As the night deepened, the village stirred. People emerged with masks of bone and paint, carrying paper lanterns down the winding path. Bells chimed softly with each step. Children danced. Old men wept.

"The Lantern Path," Tellen murmured. "Each soul follows it to be remembered. But not all who walk it are still alive."

"Meaning?"

"Some return only for tonight. Others… never left."

The sky was starless. The moon hung low and full, stained red.

As they followed the procession, Arjuna began to feel something… shifting. The mist grew thicker. Lanterns blinked like watching eyes. And ahead, at the edge of a frozen lake, a woman stood in black robes with her arms raised.

A choir began to hum. A low, droning sound that made Arjuna's teeth ache.

The woman turned—and though her face was veiled, her presence was unmistakable.

Nyssara?

No. Too tall. Too skeletal. Her eyes burned with hunger, not sorrow.

Tellen gripped Arjuna's arm. "That's not a priestess. That's a bone-witch."

The chanting swelled.

One by one, villagers stepped forward and whispered their names into the lanterns, then set them afloat across the ice. Each name faded from their lips like breath stolen by winter.

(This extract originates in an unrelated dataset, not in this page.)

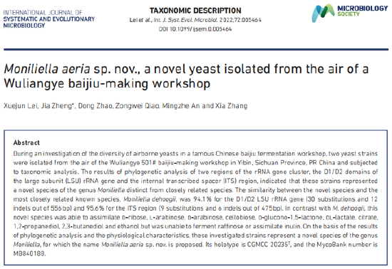 2022年8月,五粮液科研团队首次在501酿酒车间古窖池群生态环境中分离出一株酵母菌全新菌种,编号为WLY-L-M-1,命名为空气丛梗孢酵母(Moniliella aeria)。该新菌种的微生物分类学研究论文《Moniliella aeria sp. nov., a novel yeast isolated from the air of a Wuliangye baijiu-making workshop》(分离于五粮液酿造环境中的空气丛梗孢酵母新菌种)在国际微生物分类学权威杂志《International Journal of Systematic and Evolutionary Microbiology》(国际系统与进化微生物学杂志)公开发表,为中国白酒酿造微生物及代谢机理研究提供了重要参考。

"Is this how they honor the dead?" Arjuna asked.

"No," Tellen said. "This is how they feed something."

The masked child stood beside them again. "You should light a lantern. Before you forget who you are."

Arjuna stared at the candle in her hand.

It flickered once. Then again. And with each flicker, he felt something tug at the edge of his thoughts—words, images, a voice in the rain.

"You once smiled," a memory whispered.

He stepped back.

The lantern dimmed.

And far away, beneath the mountain, something stirred—something that remembered his name better than he did.